NeMo Framework Supervised fine-tuning (SFT) with Llama2

Learning Goals

Often we want to adapt or customize foundation models to be more performant on our specific task. Fine-tuning refers to how we can modify the weights of a pre-trained foundation model with additional custom data. Supervised fine-tuning (SFT) refers to unfreezing all the weights and layers in our model and training on a newly labeled set of examples. We can fine-tune to incorporate new, domain-specific knowledge or teach the foundation model what type of response to provide. One specific type of SFT is also referred to as “instruction tuning” where we use SFT to teach a model to follow instructions better.

In this project, you’ll test out the supervised finetuning method on the llama2 model using an instructive dataset.

NeMo Tools and Resources

  1. NeMo Github repo

  2. NeMo Framework Training container: nvcr.io/ea-bignlp/ga-participants/nemofw-training:23.08.03

Software Requirements

  1. Use the latest NeMo Framework Training container

  2. This playbook has been tested using the container: nvcr.io/ea-bignlp/ga-participants/nemofw-training:23.08.03 on DGX Cloud. It is expected to work similarly on other environments.

Hardware Requirements

  1. Minimum 8xA100 80G (1 node) for SFT on 7B and 13B.

  2. However, SFT on all (7B/13B/70B) model sizes can be run on multiple nodes.

Data

Databricks-dolly-15k is an open-source dataset of instruction-following records generated by thousands of Databricks employees in several of the behavioral categories outlined in the InstructGPT paper, including brainstorming, classification, closed QA, generation, information extraction, open QA, and summarization For more details about the data refer to databricks-dolly-15k | Hugging Face

The following steps have been tested with this container: nvcr.io/ea-bignlp/ga-participants/nemofw-training:23.08.03

If you already have a .nemo file for llama models, you can skip this step.

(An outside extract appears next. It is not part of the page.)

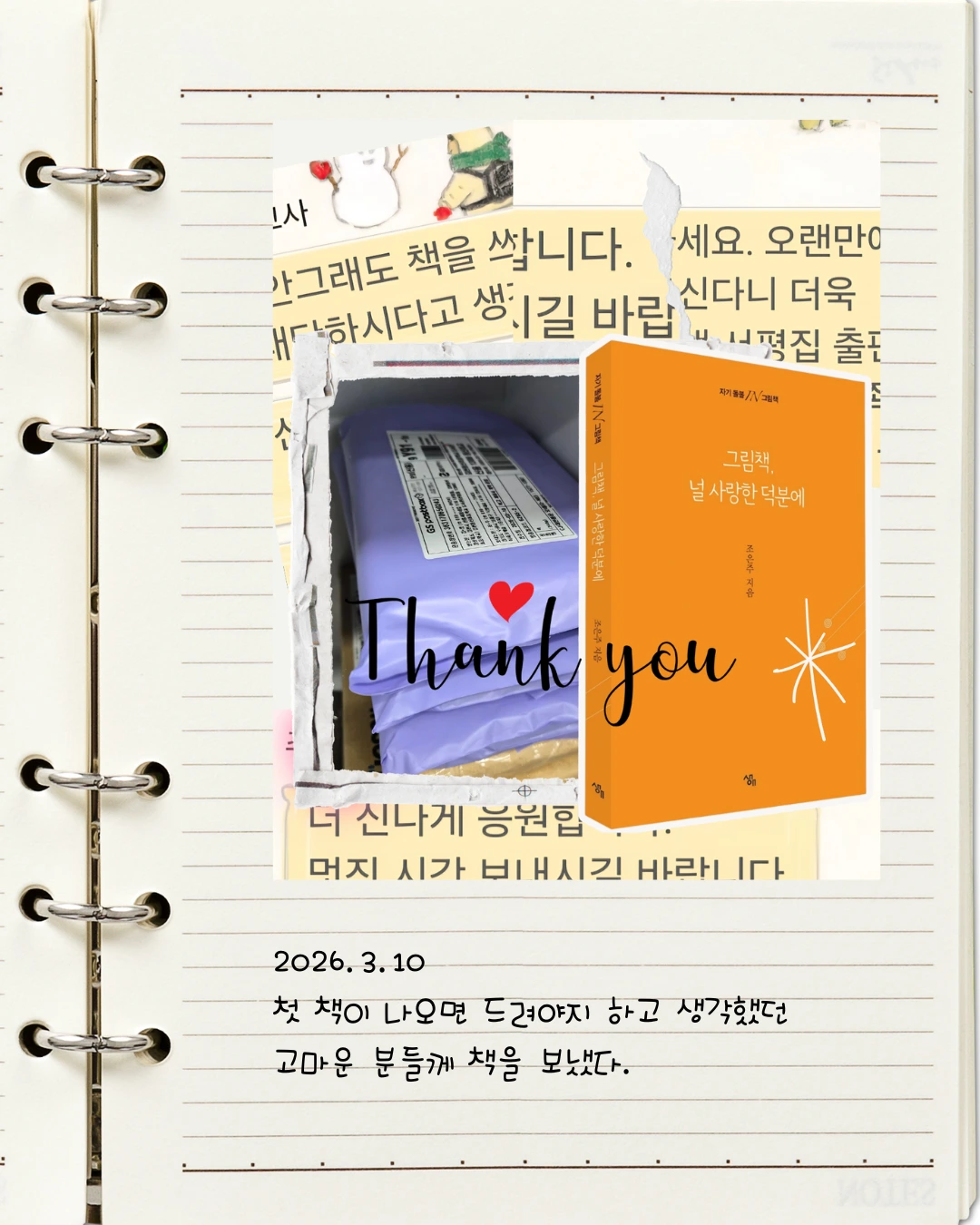 첫 책이 나오면 드려야지 하고 메모해 두었던 고마운 분들이 있다. "저는 여러분보다 20년 먼저 그림책을 만났을 뿐이에요."라고 말해주셨던 선생님 외에도 강사 경력이 별로 없는 나를 기꺼이 초청해 준 기관 담당자들, 자신의 첫 책이 나왔다며 보내주었던 사람들 등 내 첫 책을 꼭 선물해주고 싶은 사람들께 어제오늘 책을 보내드렸다.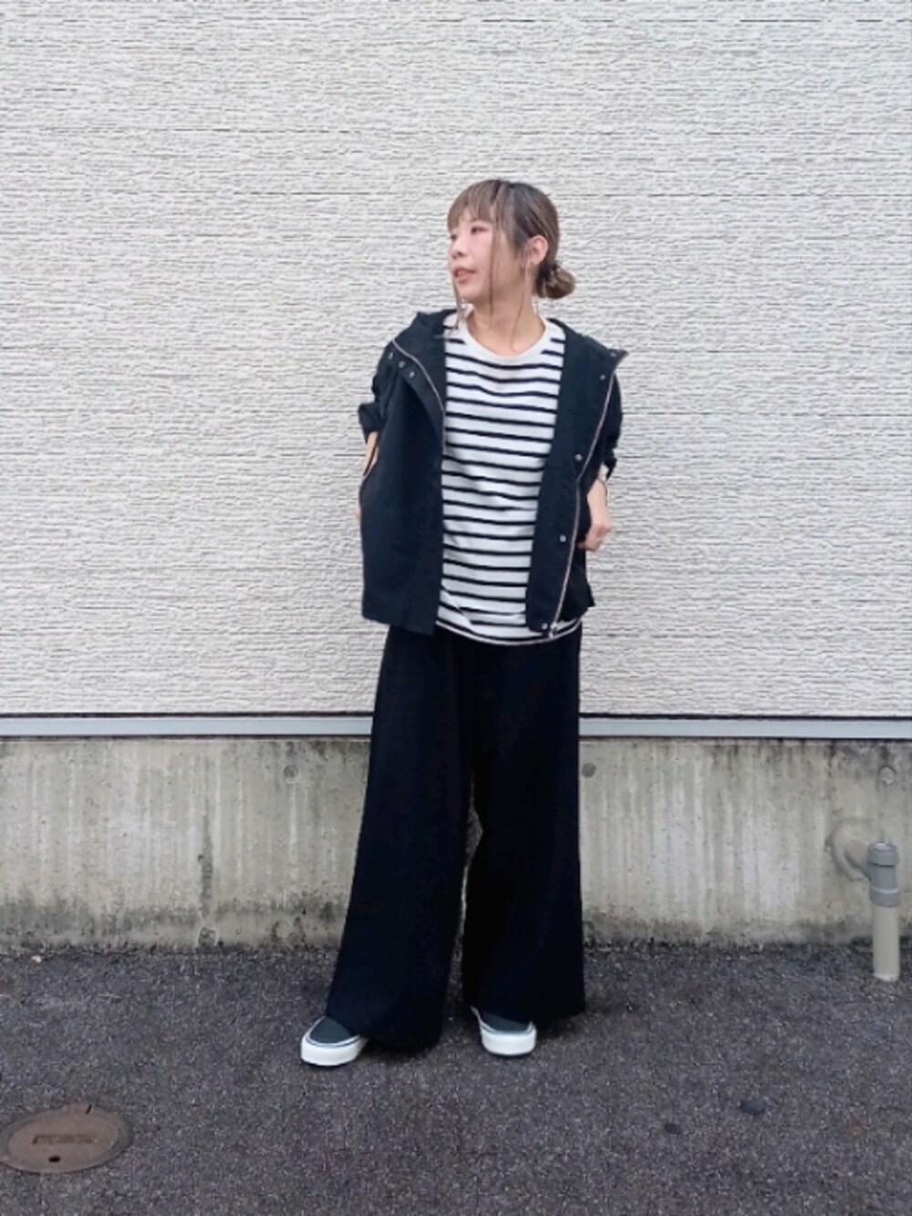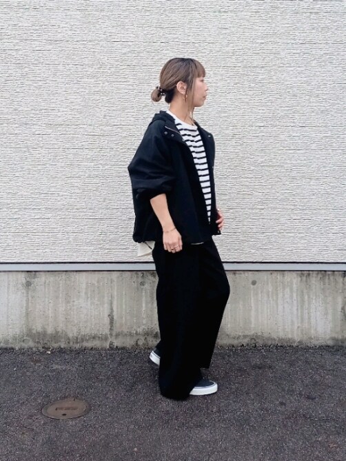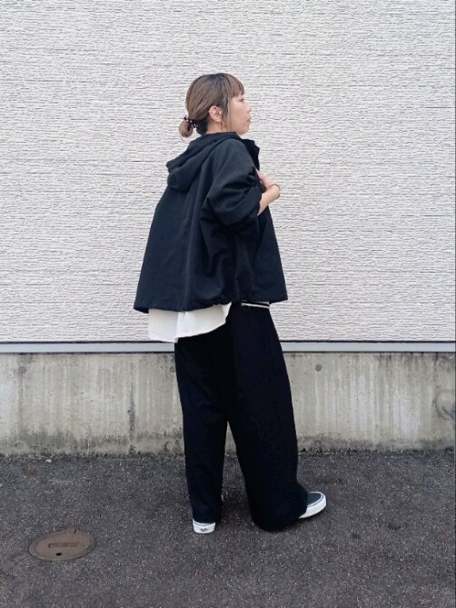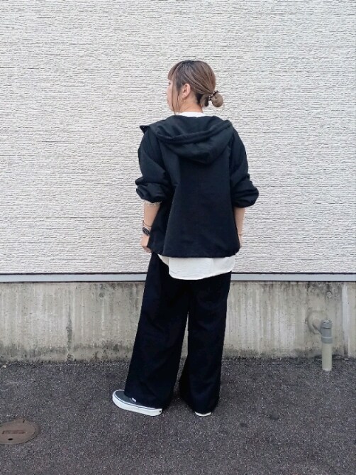 マウンテンパーカーを羽織って全身モノトーンコーデ♪

Optional Step 1: Download llama2 in huggingface format

First request download permission from both Huggingface and Meta. Create the destination directory. Then you can download by either first login

Copy
Copied!
            

mkdir llama2-7b-hf huggingface-cli login

Or use your huggingface API token to download using the following Python code

Copy
Copied!
            

from huggingface_hub import snapshot_download snapshot_download(repo_id="meta-llama/Llama-2-7b-hf ", local_dir="llama2-7b-hf", local_dir_use_symlinks=False, token=<YOUR HF TOKEN>)

In this example, llama2 huggingface model will be downloaded to ./llama2-7b-hf

Optional Step 2: Convert to .nemo

Run the container using the following command

Copy
Copied!
            

docker run --gpus device=1 --shm-size=2g --net=host --ulimit memlock=-1 --rm -it -v ${PWD}:/workspace -w /workspace -v ${PWD}/results:/results nvcr.io/ea-bignlp/ga-participants/nemofw-training:23.08.03 bash

Convert the huggingface model to .nemo model

Copy
Copied!
            

python /opt/NeMo/scripts/checkpoint_converters/convert_llama_hf_to_nemo.py --input_name_or_path=./llama2-7b-hf/ --output_path=llama2-7b.nemo

The generated llama2-7b.nemo file uses distributed checkpointing and can be loaded with any tensor parallel (tp) or pipeline parallel (pp) combination without reshaping/splitting.

Step 1: Download dataset

Download the dolly-15k dataset from huggingface

Copy
Copied!
            

git clone https://huggingface.co/datasets/databricks/databricks-dolly-15k

Once downloaded, check the size of the file (databricks-dolly-15k.jsonl)

Copy
Copied!
            

$ du -sh databricks-dolly-15k/databricks-dolly-15k.jsonl 13M databricks-dolly-15k/databricks-dolly-15k.jsonl

If the sizes do not match, delete the old file and manually copy the download link address and directly wget the file

Copy
Copied!
            

wget https://huggingface.co/datasets/databricks/databricks-dolly-15k/resolve/main/databricks-dolly-15k.jsonl

Step 2: Data Preprocessing

  1. Next we need to pre-process the data to ensure it’s in the correct format.

  2. The expected format is a JSONL file with {‘input’: ‘xxx’, ‘output’: ‘yyy’} pairs.

  3. In order to run the pre-processing you will use the script that has already been prepared for you. Run this script and passing your jsonl file as –input. In order to run the script you need to launch the container.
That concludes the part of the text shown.